— Ты живешь рядом? Каким образом?
— Все очень просто! Несколько лет назад я купил здесь старую ферму, привел ее в порядок. Приезжаю сюда отдыхать. В ту пору лесопильни еще не было.
— Значит, это совпадение? Не повезло! Боже, как не повезло!
— Что мне делать?
— Главное, оставайся на месте! Теперь уже ничего не поделаешь. И как это тебя угораздило подобрать эту гнусную тварь!

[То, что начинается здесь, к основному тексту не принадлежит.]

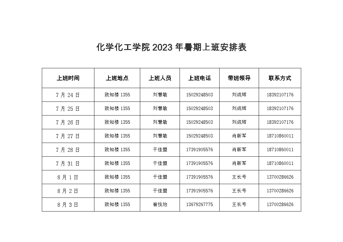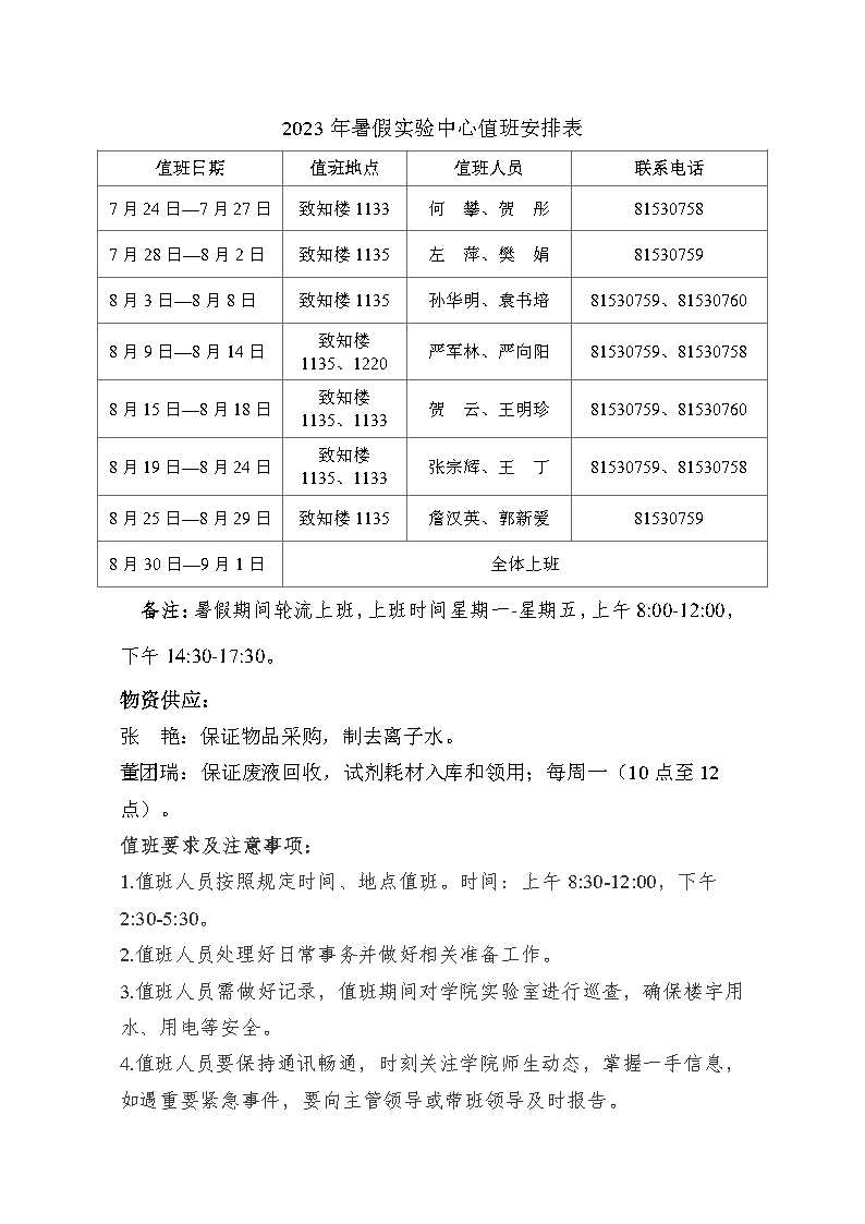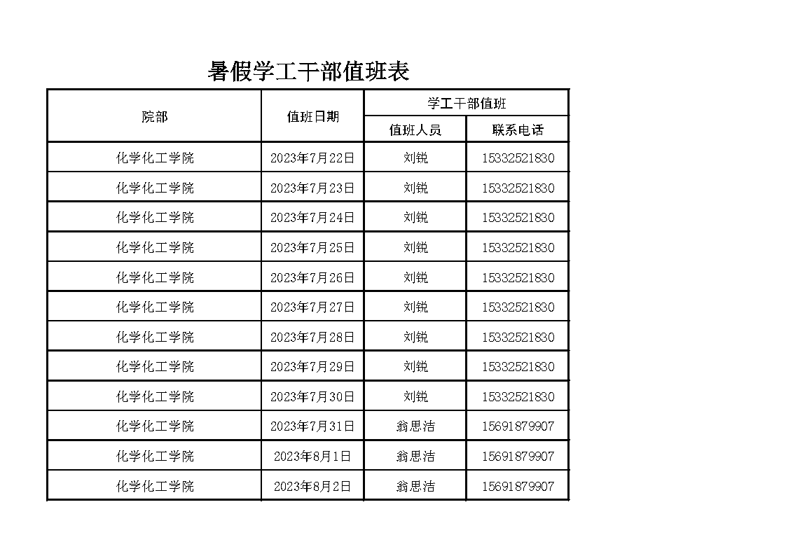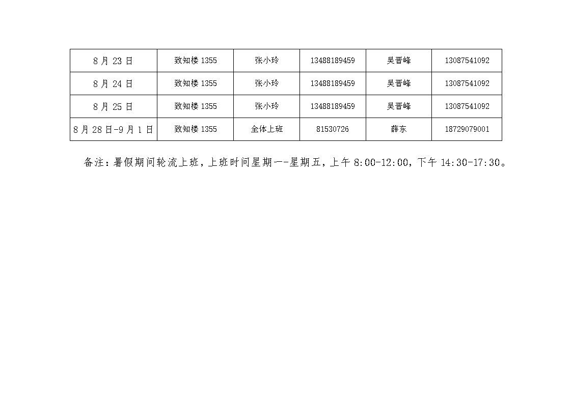 捷克论坛 2023年暑假值班安排表

Пауза — хозяин недоволен! Волны гнева сталкиваются на линии. К тому же на том конце страсти, похоже, накаляются. Раздается какое-то потрескивание, приглушенное расстоянием, но догадаться нетрудно: это приступ ярости. И снова слышится голос:
— А нельзя ли куда-нибудь спрятать этого пса?!
— Ты бредишь!
— Ничего подобного! Собака, потерявшаяся августовским воскресеньем, — такое встречается постоянно, а завтра, представь себе, как раз воскресенье!

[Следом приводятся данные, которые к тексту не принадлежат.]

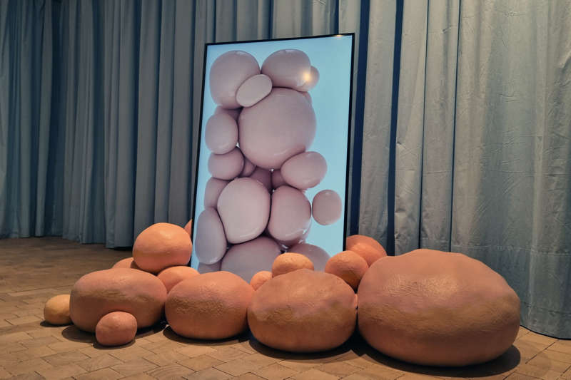 Lorsque Stine Deja et Marie Munk opèrent ensemble, leurs esthétiques dialoguent et s’entremêlent. Dans cette installation de la série Synthetic Seduction, les objets qui sont au sol semblent se poursuivre dans l’image de l’écran, à moins que ce ne soit l’inverse ! Aussi on s’interroge sur leurs similarités autant que sur leurs différences, entre sculpture et image, pour mieux en saisir la nature. Leur rondeur nous les dit organiques quand leur couleur chair évoque la peau. Statiques sur le sol, elles ont une matérialité quelque peu différente dans l’espace de l’image, là où le cadre les contraint dans leurs mouvements. Les sculptures de différentes tailles qui reposent au sol, si elles étaient sorties du cadre de l’écran pour envahir l’espace tangible de l’exposition, auraient au passage perdu de leur virtuelle brillance pour renforcer quelque peu leur présence. Comme si tout se passait dans l’interstice qui sépare les objets de leur représentation, quand bien même elle soit en trois dimensions et sans que l’on sache dans quel sens elle pourrait se déplacer.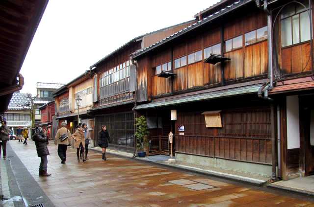 ![]() ひがし茶屋街のメインストリートです。 西と比べると規模が大きいです。 |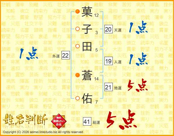 菓子田蒼佑さんの総運は41画の5点!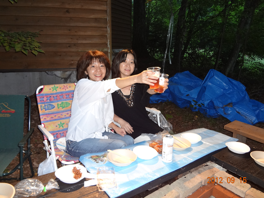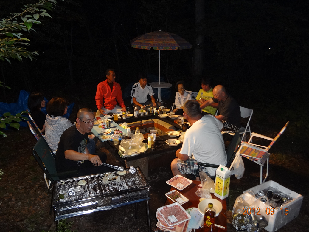 近くの温泉で疲れを取って、夜はバーベキュー。のども渇いているのでお酒が進みすぎ。さらには誠一が持ってきた恐怖の”中国土産の白酒”。なんと46度。みんなに味見してもらったけど、結局は数人で飲み干して・・・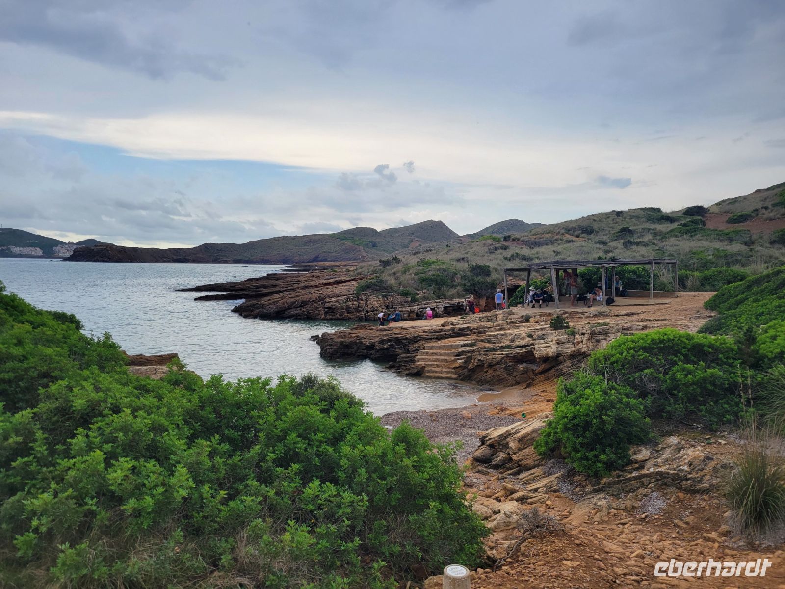 Zur Mittagszeit erreichen wir die naturbelassene Playa de Binigaus. Wir rasten an einem von einem Dach beschatteten Tisch mit Bänken und manche lassen sich zu einem Bad im türkisfarbenen Meer verlocken.

— Ты в своем уме? Прежде всего, он все равно отыщет меня по следу, даже если я попытаюсь бросить его где-нибудь на природе. И потом, нет. Это не просто какой-нибудь пес!
Снова молчание, на этот раз в аппарате чувствуется приближение грозы. Затем хозяин снова бросается в атаку:
— Аджюдан говорил что-то о ветеринаре…
— Молчи! — кричит она. — Неужели ты все еще не понял? На твоей собаке — клеймо. Любой ветеринар сразу сумеет определить, где она куплена. И кем. Полиция тут же выйдет на преступление в Шателе! И все полетит к чертям. Удружил, нечего сказать. Исполнитель ты, может, хороший, но по глупости побил все рекорды… Погоди! Дай подумать…

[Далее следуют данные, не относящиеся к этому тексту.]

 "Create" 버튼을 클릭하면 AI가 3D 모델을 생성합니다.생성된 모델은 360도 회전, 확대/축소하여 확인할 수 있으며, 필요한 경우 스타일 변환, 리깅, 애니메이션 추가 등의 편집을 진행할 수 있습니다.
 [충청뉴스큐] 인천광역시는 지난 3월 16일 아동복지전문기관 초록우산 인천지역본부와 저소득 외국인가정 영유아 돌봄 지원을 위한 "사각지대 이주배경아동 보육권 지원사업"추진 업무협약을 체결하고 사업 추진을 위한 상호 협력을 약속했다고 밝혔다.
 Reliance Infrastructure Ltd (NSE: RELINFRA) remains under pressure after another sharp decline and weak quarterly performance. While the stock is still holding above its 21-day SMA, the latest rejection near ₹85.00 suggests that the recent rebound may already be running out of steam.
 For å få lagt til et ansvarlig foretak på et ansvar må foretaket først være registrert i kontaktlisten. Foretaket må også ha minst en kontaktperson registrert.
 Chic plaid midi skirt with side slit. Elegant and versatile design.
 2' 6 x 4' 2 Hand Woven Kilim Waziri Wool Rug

Молчаливая буря в телефонной трубке. Ромул понятия не имеет, о ком говорят с таким исступлением. Он сидит здесь из чувства долга, но с удовольствием пошел бы раскопать косточку отбивной, любовно спрятанную в складке его подстилки. И вдруг снова началось. Причем тон на другом конце исключает любые возражения.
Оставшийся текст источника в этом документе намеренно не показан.